Figure 2. A subset of a serial set of coronal sections through a Pacific shark brain, from the rostral pole to the mid-cerebellum (a–q). The numbers represent the coronal distances (only key levels are shown; the rostro-caudal step is not constant). The sections were first imaged unstained, wet, and uncoverslipped to show the distribution of dense and highly refractive fiber tracts (the right columns) and then were stained with thionine to show the distribution of cell bodies (the left columns). At each coronal level, the sections in the right and left columns are the same. All sections were imaged in bright-field with a 1 × objective. 3V, third ventricle; asb, area superficialis basalis; cer, cerebellum; fbt, fasciculus basalis telencephali; inf, infundibulum; och, optic chiasm; opt, optic tract; OT, optic tectum; VImp, ventricle impar; VL, lateral ventricle; VT, tectal ventricle. Scale bar = 3 mm.

The highly refractive structures were likely myelinated (de Bellard, 2016; Zalc, 2016; Verkhratsky et al., 2022), but the presence of myelin-associated proteins [e.g., myelin protein zero (MPZ)] was not directly examined in this study. Based on studies in other shark species, the angelshark telencephalon should contain several well-defined projections (Smeets, 1998; Hofmann and Northcutt, 2012). However, the majority of projections within the telencephalon are unmyelinated and loosely organized (Smeets et al., 1983; Smeets, 1998). The fbt is a notable exception and contains myelinated axons, as has been reported in another squalomorph species, the spiny dogfish (Squalus acanthias) (Smeets, 1998). In the angelshark, the fbt was located just ventral to the caudal asb (Figures 3A–C). The asb contributes axons to the fbt (Hofmann and Northcutt, 2012), but probably not to the extent that was previously assumed (Smeets, 1998).

FIGURE 3

Figure 3. (A) A coronal section through the telencephalon stained to visualize cell bodies. (B) The same section before staining imaged wet to visualize major fiber tracts. (C) The two images superimposed (pseudocolored blue and yellow, respectively). (D) A coronal section through the mesencephalon stained to visualize cell bodies. The arrowhead indicates the mesencephalic trigeminal nucleus (Me5). (E,F) High-power images of Me5, showing thick subependymal processes (arrows) and cell bodies that cross the ependymal layer and come into direct contact with CSF (asterisks). (G) A coronal section through the cerebellum and myelencephalon stained to visualize cell bodies. The inset shows a schematic rostro-caudal view of the four granular eminences. (H) A high-power image of the cerebellum (approximately corresponding to the boxed area in G). The sections correspond to the following coronal levels in Figure 2: (A–C) to level (h), (D–F) to level (p), and (G–H) to level (q). Sections (A,D–H) were stained with thionine; all sections were imaged in bright-field. asb, area superficialis basalis; CSF, cerebrospinal fluid; GC, granule cells; ge, granular eminence; fbt, fasciculus basalis telencephali; ML, molecular layer; OT, optic tectum; PC, Purkinje cells; VC, cerebellar ventricle; ve, ventral eminence; VImp, ventricle impar; VT, tectal ventricle. Scale bars = 1 mm (A–D,G), 100 μm (E,F), 400 μm (H).
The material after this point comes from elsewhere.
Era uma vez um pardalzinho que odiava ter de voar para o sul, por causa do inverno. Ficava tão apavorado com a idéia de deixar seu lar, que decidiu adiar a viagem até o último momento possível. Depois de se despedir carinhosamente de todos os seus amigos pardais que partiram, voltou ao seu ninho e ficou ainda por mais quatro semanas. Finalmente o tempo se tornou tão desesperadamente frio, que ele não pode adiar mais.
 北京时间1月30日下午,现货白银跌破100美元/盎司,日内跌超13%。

A cluster of giant (around 100 μm in length) cells were present in the roof of the tectal ventricle (Figure 3D). These cells corresponded to the mesencephalic trigeminal nucleus described in other shark species (Roberts and Witkovsky, 1975; Witkovsky and Roberts, 1975, 1976; MacDonnell, 1980, 1983, 1984; 1989). Consistent with these observations, the angelshark cells had thick subependymal processes, and some of their somata penetrated the ependyma to come into direct contact with the cerebrospinal fluid (CSF; Figures 3E, F). Somata inside the ependymal layer were consistently observed across the specimens, suggesting it was not a sectioning artifact.

The angelshark cerebellum had a structure typical for elasmobranchs (Figures 3G, H). The granule cells were concentrated in the granular eminences (Butler and Hodos, 2005), long rostro-caudal columns that appeared nearly circular in some coronal sections.
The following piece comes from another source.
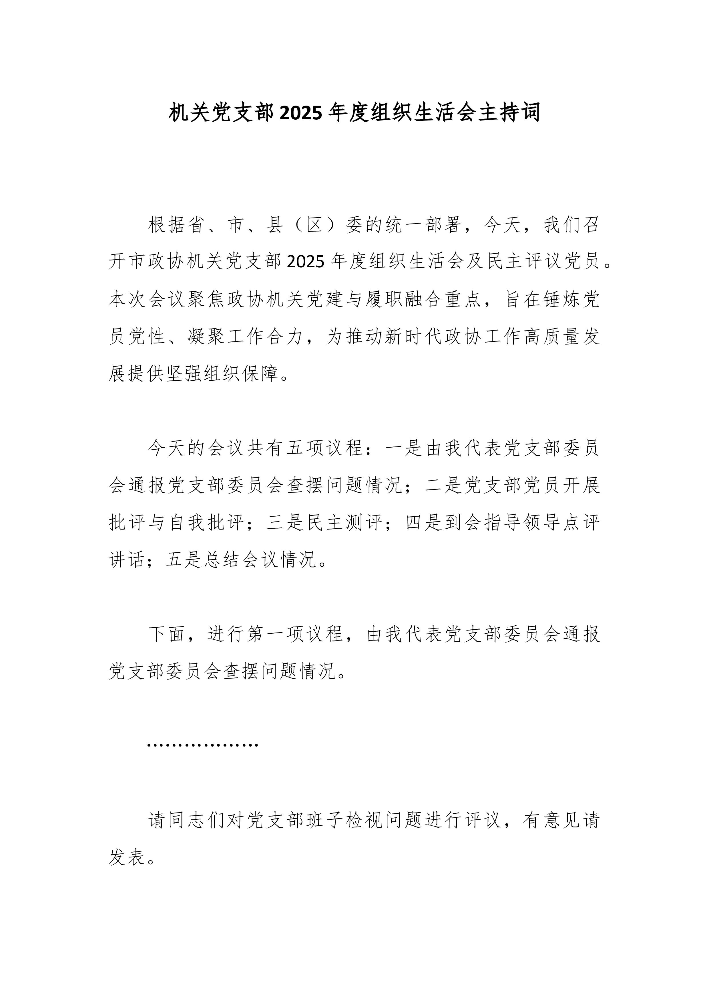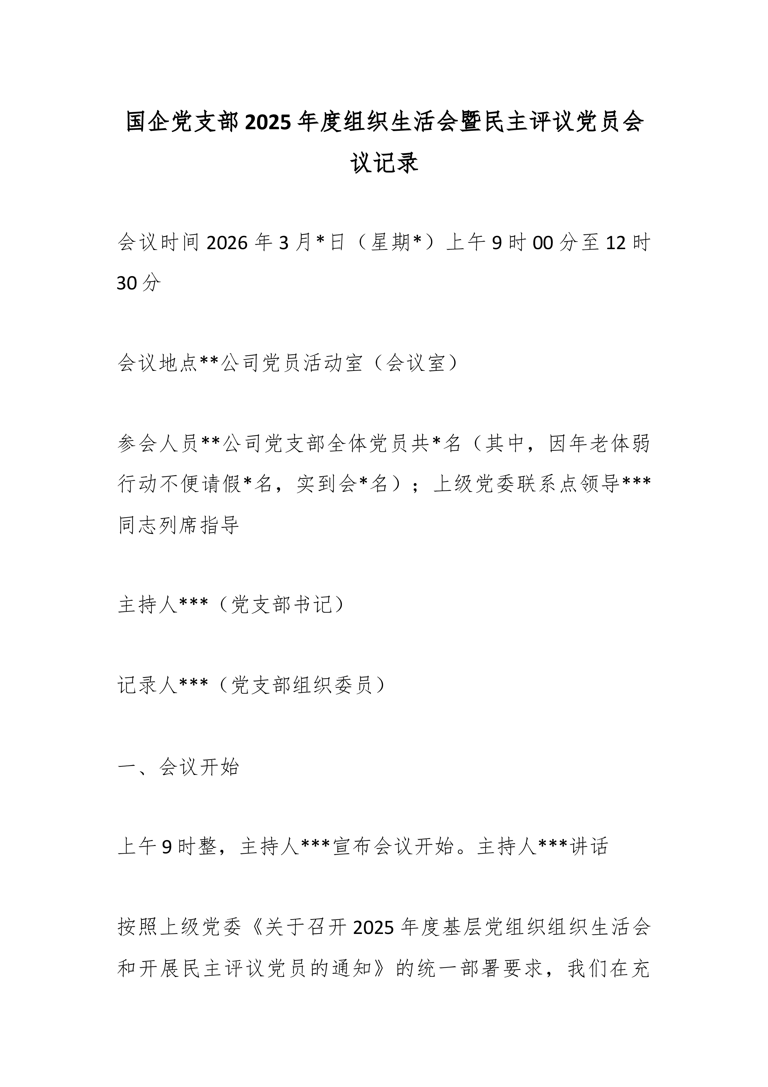 党支部2025年度组织生活会和开展民主评议党员工作实施方案(公司)党的建设是党的事业的根本保证。根据党章和党内有关规定,按照上级党委关于召开2025年度组织生活会和开展民主评议党员工作的有关部署要求,结合我支部工作实际,现就做好相关工作制定如下实施方案。一、会议主题深入学习贯彻习近平新时代中国特色社会主义思想,全面贯彻落实党的二十届四中全会精神,以打攻坚战、持久战的决心和恒心,锲而不舍落实中央八项规定精神,推进作风建设常态化长效化,以优良作风凝心聚力、真抓实干,奋力开创中国式现代化建设新局面。二、会前准备(一)扎实开展理论学习。组织生活会召开前,采取集中学习、个人自学、专题党课等多种方式,组织全体党员深入学习贯彻习近平新时代中国特色社会主义思想和党的二十届四中全会精神,一体学习领会习近平总书...

We have previously shown that the ependymoglia of at least some galeomorph sharks shows strong immunoreactivity for ionized calcium-binding adapter molecule 1 (Iba1, AIF-1), a protein that is associated with immune responses and that is also a specific marker for the microglia in mammalian brains (Janušonis, 2018). Iba1 was also strongly expressed in the ependymoglia of the angelshark telencephalon (Figure 4A), with ependymoglial processes often covering capillaries (Figures 4B, C). Strong Iba1-immunoreactivity was also present in more caudal regions (Figures 4D, E).

FIGURE 4

Figure 4. Iba1-immunoreactivity in the brain (cell nuclei are visualized with DAPI). (A) An epifluorescence image of Iba1+ ependymoglial cells in the telencephalon. The cell bodies are located at the lateral ventricle (VL) and extend their processes into brain parenchyma. (B) An epifluorescence image of a blood vessel (arrow) in the telencephalon. The blood vessel enters brain parenchyma through the pia (p) and is surrounded by Iba1+ processes. (C) A confocal image of a blood vessel in the telencephalon, with many fasciculated Iba1+ processes. The image is a maximum-intensity projection of 71 optical sections. (D) An epifluorescence image of Iba1-immunoreactivity in the cerebellum, at approximately the same coronal level as Figure 3G (ge, granular eminence; VC, cerebellar ventricle). (E) An epifluorescence image of Iba1+ fibers in the myelencephalon, at approximately the same coronal level as Figure 3G (flm, fasciculus longitudinalis medialis). Scale bars = 100 μm (A,B), 25 μm (C), 200 μm (D,E).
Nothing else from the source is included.